LOP3.LUT is an instruction that can compute any logical operation with three inputs, using a lookup table (LUT) to do so. The basic idea is similar to that of FPGAs using complex building blocks (CLBs), some of which can compute any logical operation of up to five inputs.

The introduction of LOP3 was a smart move on the part of NVIDIA by taking full advantage of a data path already designed for three-input operations, as it has to support FMA operations. Therefore also the existence of IADD3, which is only incrementally harder to implement than regular addition (simply add a carry-save adder in front of the carry-propagate adder), and the prevalence of IMAD instructions in code generated for Ampere.

The 8-bit lookup table (truth table) for LOP.LUT3 is specified in the instruction encoding itself, and is not difficult to reverse engineer. While LOP3.LUT is great for performance, and the CUDA compiler does a pretty good (but often not perfect where there is a sequences of LOP3s) job of exploiting it, it makes reading SASS (machine code, e.g. output of cuobjdump --dump-sass) completely non-intuitive and a major pain in the behind.

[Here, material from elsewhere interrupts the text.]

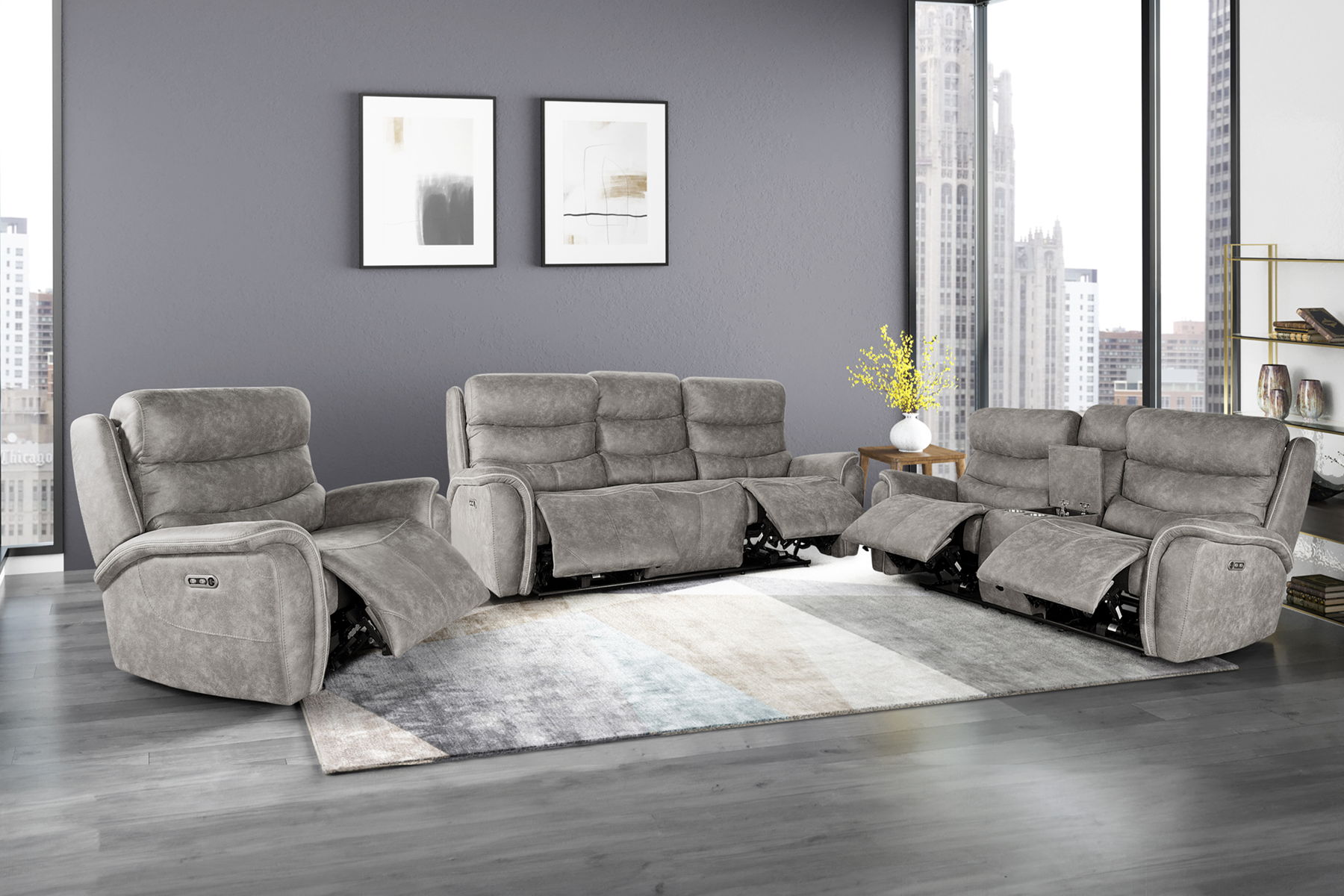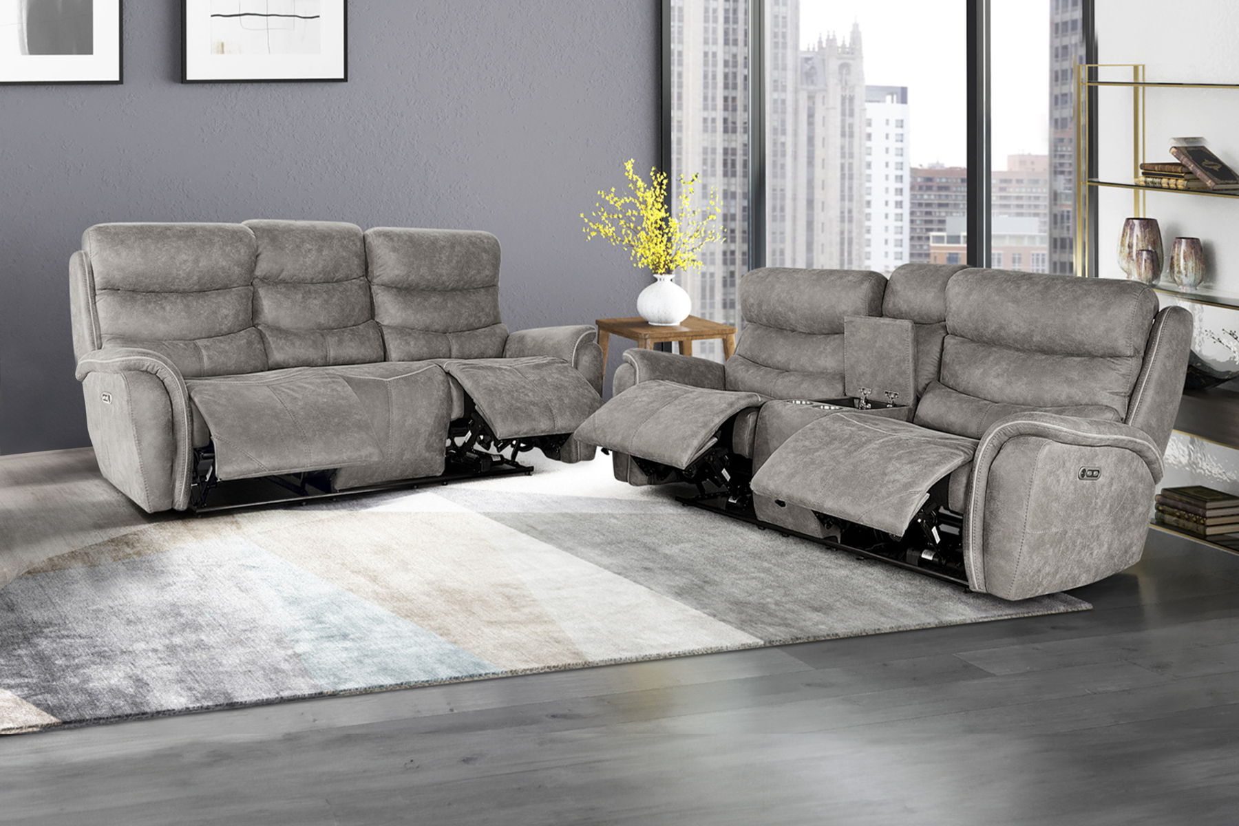 Indulge in the luxurious comfort of the Kamari Reclining Sofa Set. Crafted with a sumptuously soft dappled gray upholstery, this set invites you to sink into relaxation. Tailored to perfection, its triple roll backs, bucket seats, and wrap-around arms exude sophisticated style, accentuated by tasteful contrasting welt detailing. Recline and unwind with fully upholstered chaise recliner footrests, offering unparalleled comfort. Built for lasting support, hardwood and manufactured wood frames, coil spring cushions, and resilient foam ensure durability and coziness for years to come. Convenience meets style with the loveseat”s center console for remote storage and built-in cupholders for your beverages. Versatile in design, whether your taste leans contemporary or traditional, this set effortlessly complements any decor.
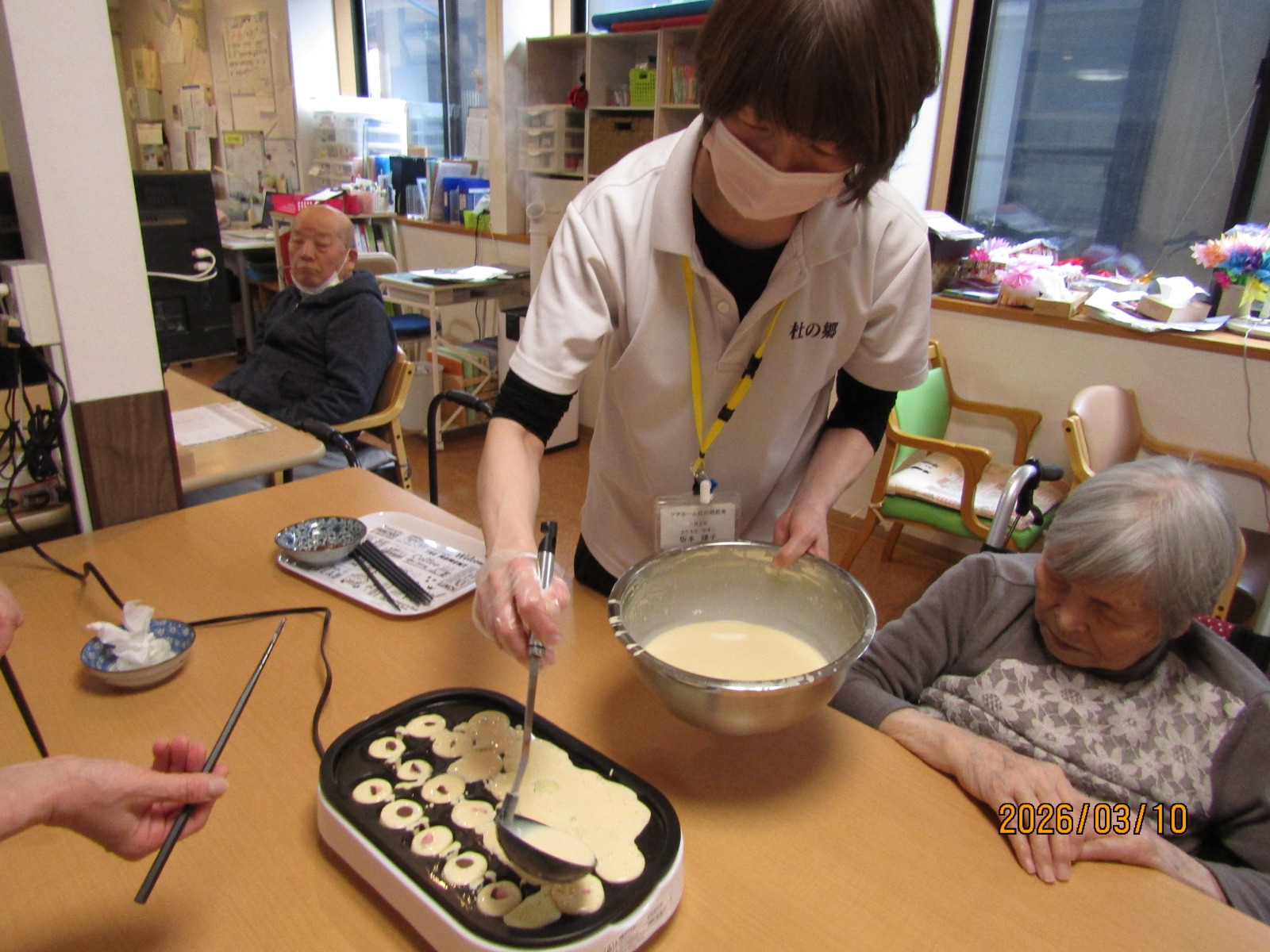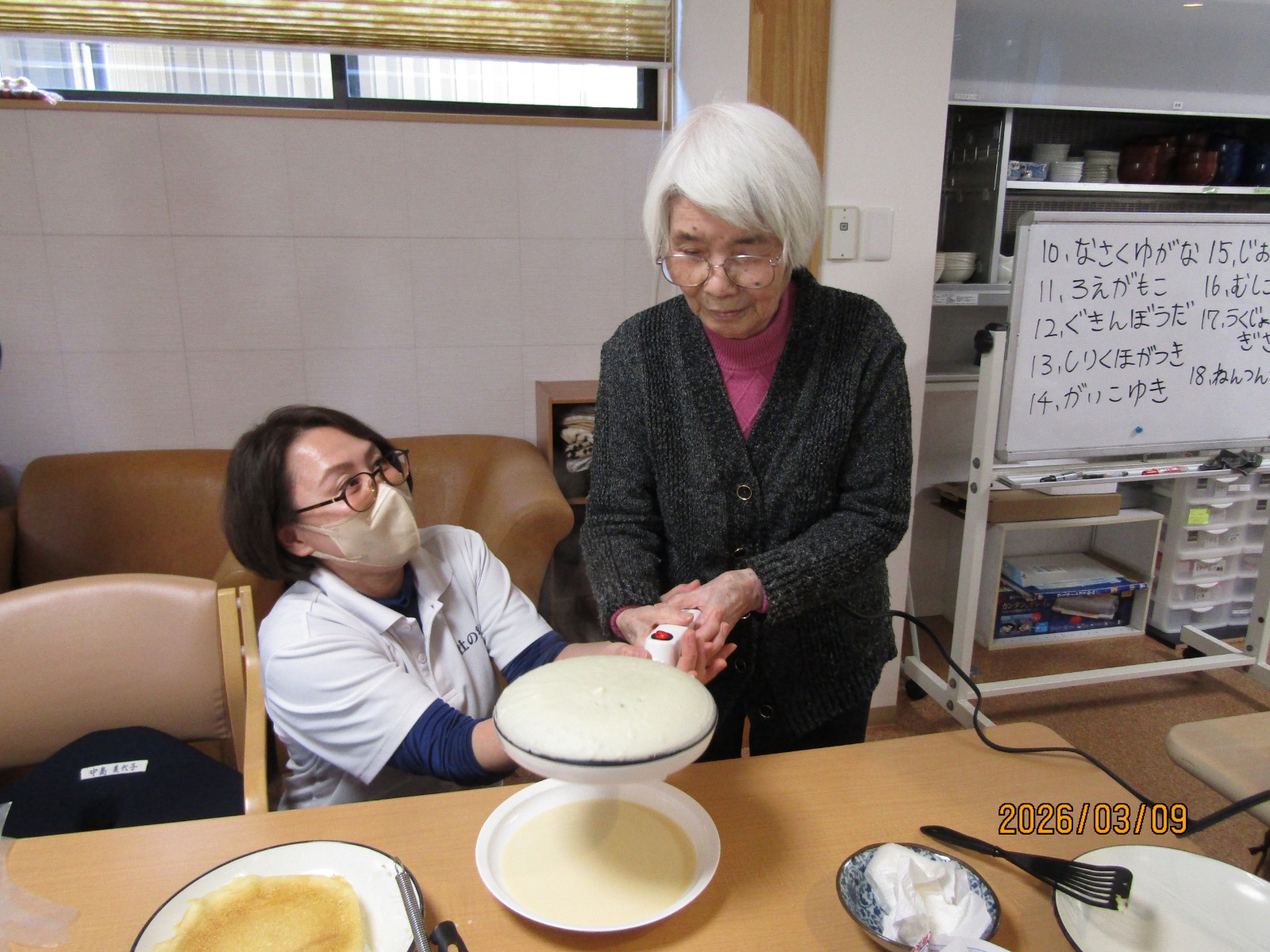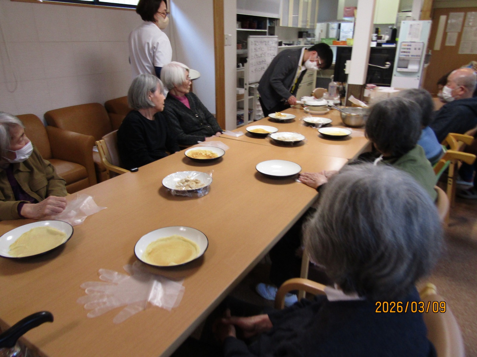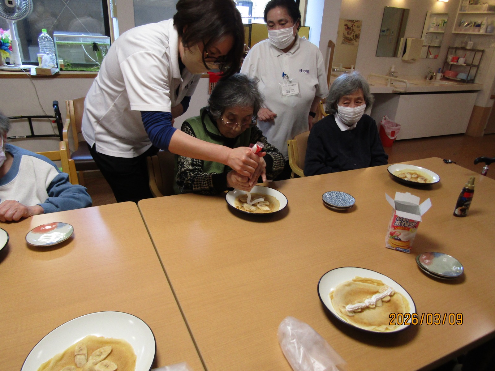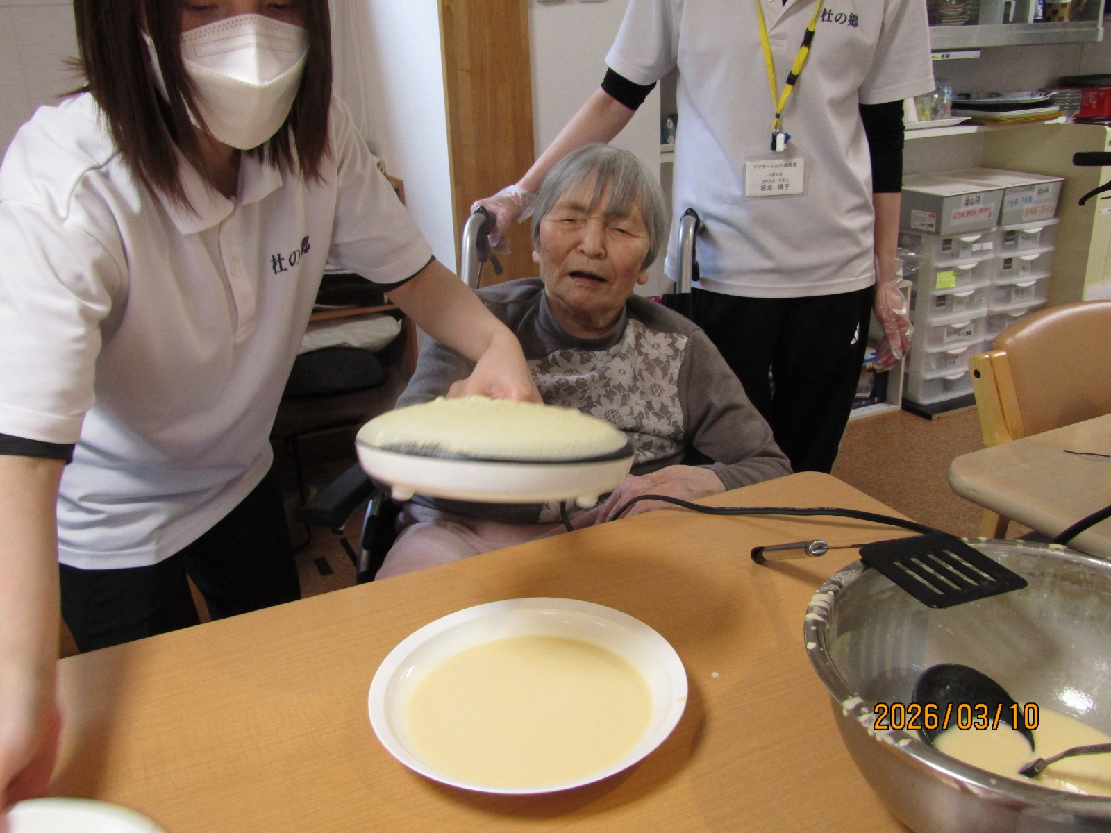3月9日に利用者様と一緒にクレープ作りを行い、3月10日にはベビーカステラをおやつの時間に提供させていただきました🤤

Here are two LOP3 emulations:

/* emulate GPU's LOP3.LUT (three-input logic op with 8-bit truth table) */
uint32_t lop3_ref (uint32_t a, uint32_t b, uint32_t c, uint8_t ttbl)
{
    uint32_t r = 0;
    for (int i = 0; i < 32; i++) {
        uint32_t bitidx = ((a & 1) << 2) | ((b & 1) << 1) | (c & 1);
        uint32_t tblbit = (ttbl >> bitidx) & 1;
        r = r | (tblbit << i);
        a >>= 1;
        b >>= 1;
        c >>= 1;
    }
    return r;
}

/* emulate GPU's LOP3.LUT (three-input logic op with 8-bit truth table) */
uint32_t lop3_fast (uint32_t a, uint32_t b, uint32_t c, uint8_t ttbl)
{
    uint32_t r = 0;
    if (ttbl & 0x01) r |= ~a & ~b & ~c;
    if (ttbl & 0x02) r |= ~a & ~b &  c;
    if (ttbl & 0x04) r |= ~a &  b & ~c;
    if (ttbl & 0x08) r |= ~a &  b &  c;
    if (ttbl & 0x10) r |=  a & ~b & ~c;
    if (ttbl & 0x20) r |=  a & ~b &  c;
    if (ttbl & 0x40) r |=  a &  b & ~c;
    if (ttbl & 0x80) r |=  a &  b &  c;
    return r;
}
2 Likes

As for the quest to replace one IADD3 by two IMADs, the fact that ptxas transforms the latter into the former is a pretty good indication that this is not a performance win as hoped for. ptxas is not generally shy to use IMAD, which appears to be a high-throughput instruction in Ampere family GPUs.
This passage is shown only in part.